酒井師の作です。森稲荷参道の赤鳥居を表していると思われます。

勾欄合・縁葛

右面
勾欄合:『富士の巻狩り』
縁葛:『牡丹』

左面
勾欄合:『富士の巻狩り』
縁葛:『牡丹』

勾欄合は全て富士の巻狩りで統一です。
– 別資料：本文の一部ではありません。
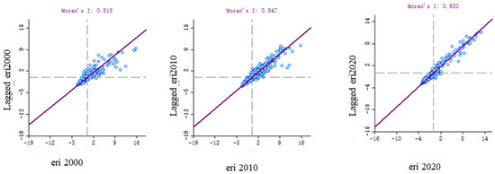 The ERI values in the KRB from 2000 to 2020 are shown in a scatter distribution of Moran’s I index.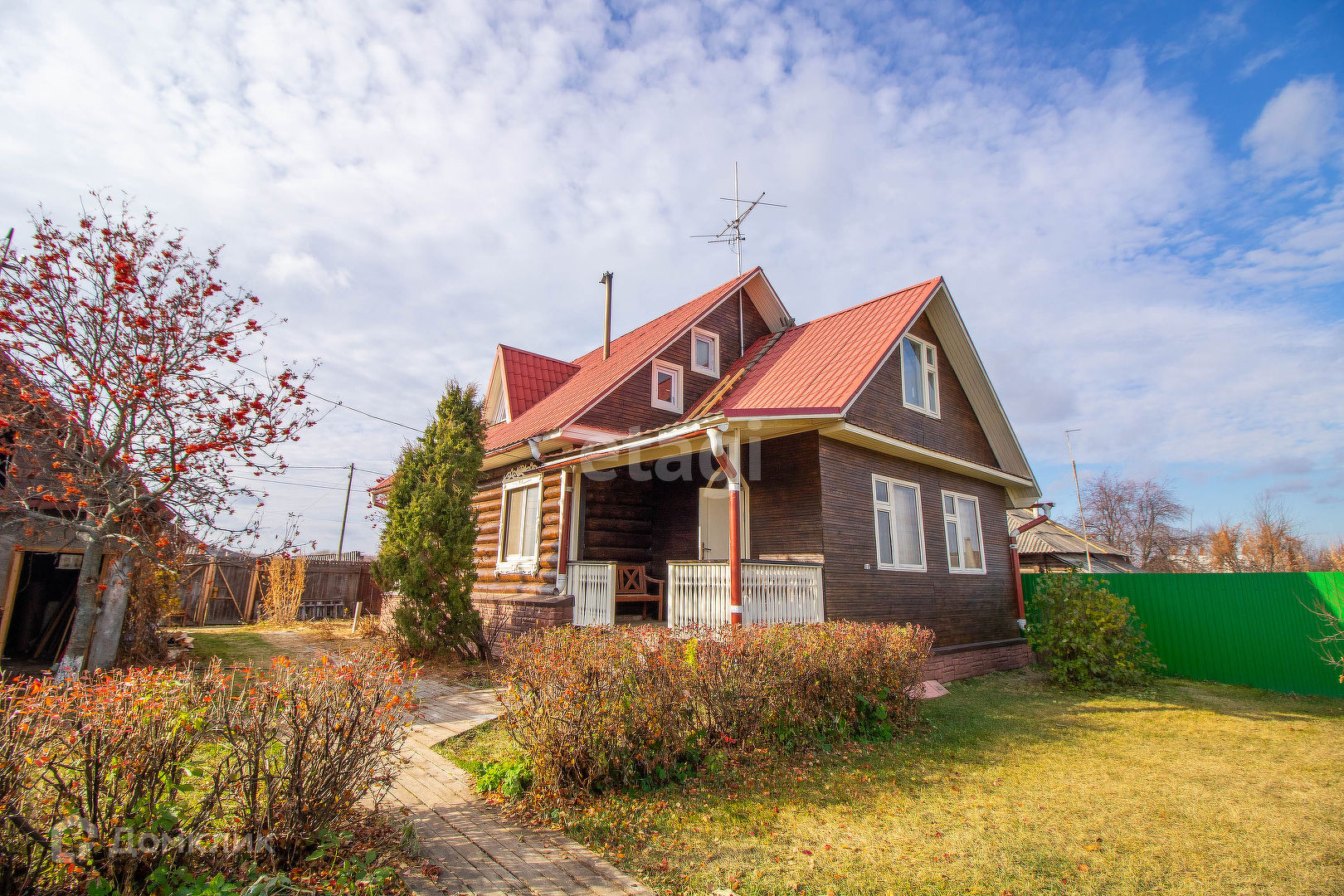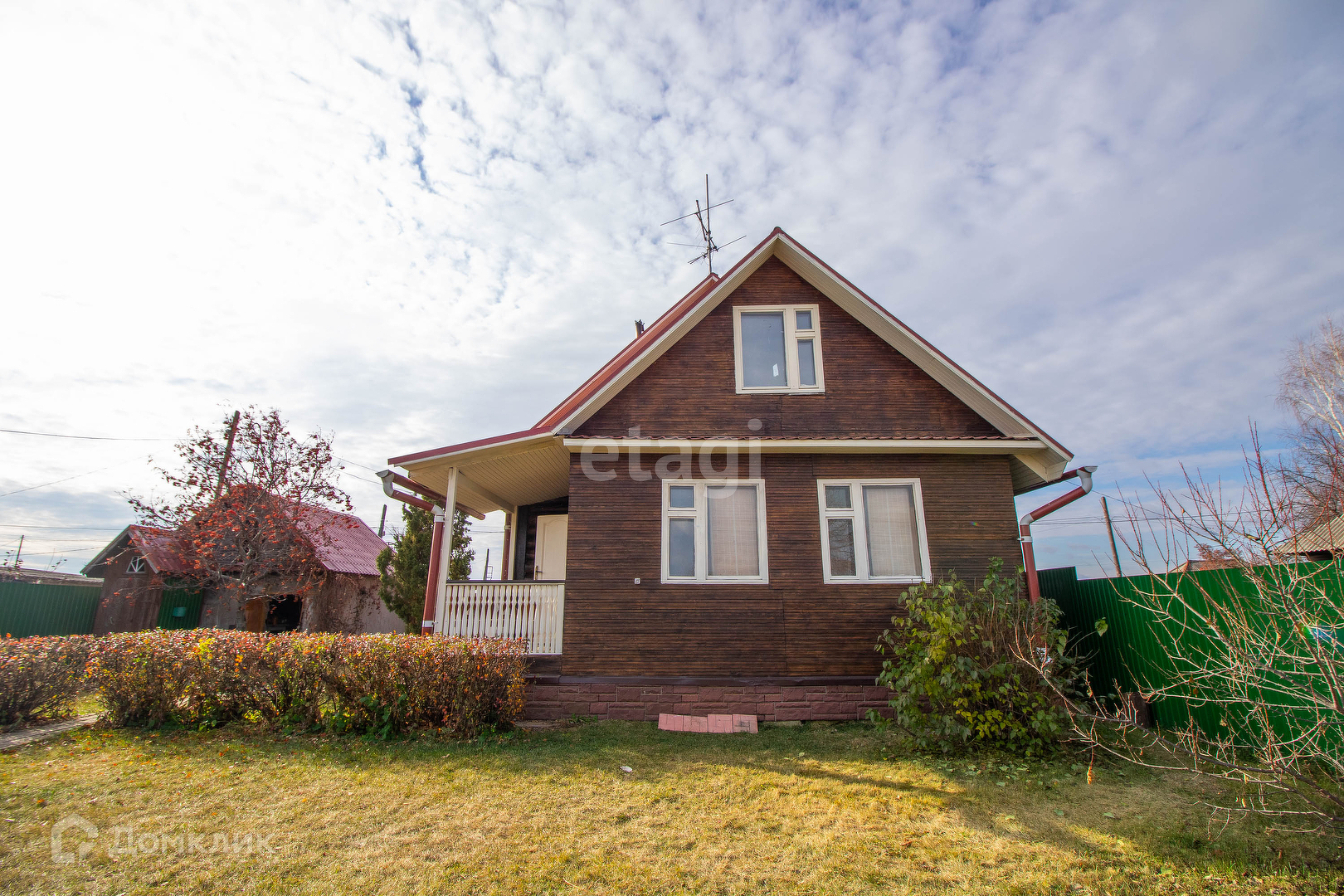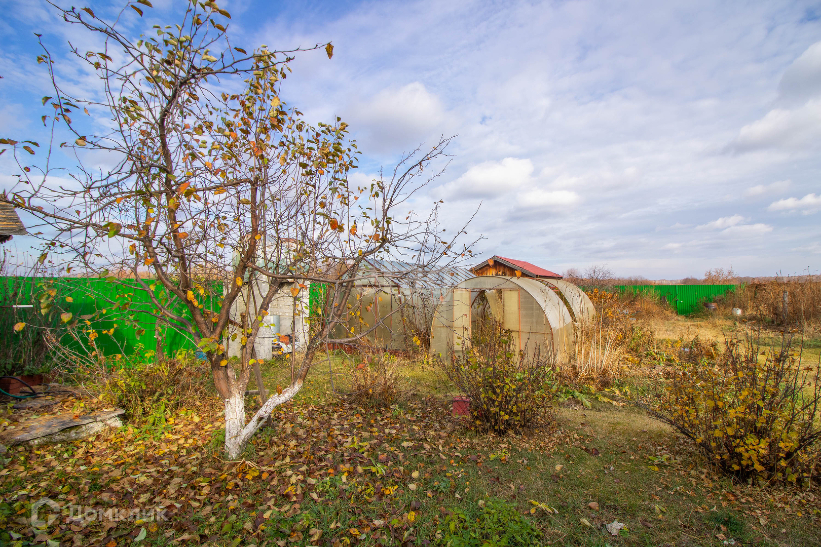 Участок ухоженный, плодовые и декоративные деревья (груша, яблоня, абрикос), кустарники (смородина, малина, жимолость), газон.

三枚板に合わせてあると思われます。

土呂幕

前方:『俵ねずみ・雑兵』

後方:『俵ねずみ・雑兵』

俵ねずみは後の時代に追加されたものでしょう。
こちらも五穀豊穣を願う縁起モノですね。

右面:『雑兵』

左面:『雑兵』

陣幕に笹竜胆の家紋が見えますので、源頼朝に関連する題材で、富士の巻狩り時の宿場の様子を描いたものと思われます。
表情が穏やかなので、凱旋後の宴の準備といったところでしょうか。

台木

台木:『波濤』

右面:『波濤に鯉』

左面:『波濤に鯉』

台木には井岡勘治師の銘が刻まれています。

猫木

猫木:『玄武・鯉』

猫木に小さく玄武と鯉がいます。

平成10年の改修時の銘板です。

金具

①破風中央:『松に左三つ巴紋』
②破風傾斜部:『松に鷲』
③垂木先:『左三つ巴紋』
④脇障子兜桁:『菊紋・森』の文字。
⑤縁葛端:『唐草模様』 勾欄とは金銀で色が使い分けられています。
⑥張菜棒先:『森』の文字。
⑦台木先:『森区』の文字。

昼提灯

こちらも観音寺の高木一彦師の作です。

いかがでしたでしょうか。

灘の都賀の地車もそうですが、やはり昔の平野出身の地車は神戸の土地に来ても全く見劣りすることがなく、重ねてきた歴史の深さと神戸ならではの豪華な飾り付けのお陰で一段と魅力が増しているように感じます。

この地車は森に来てからも大切にされ、流行だけでなく愛着がある故の改修がなされていることをひしひしと感じます。
長い歴史を持つ地車が、第二の土地で新たな歴史を刻み続ける姿を見れることに感謝ですね。

最後までご覧いただき、ありがとうございました。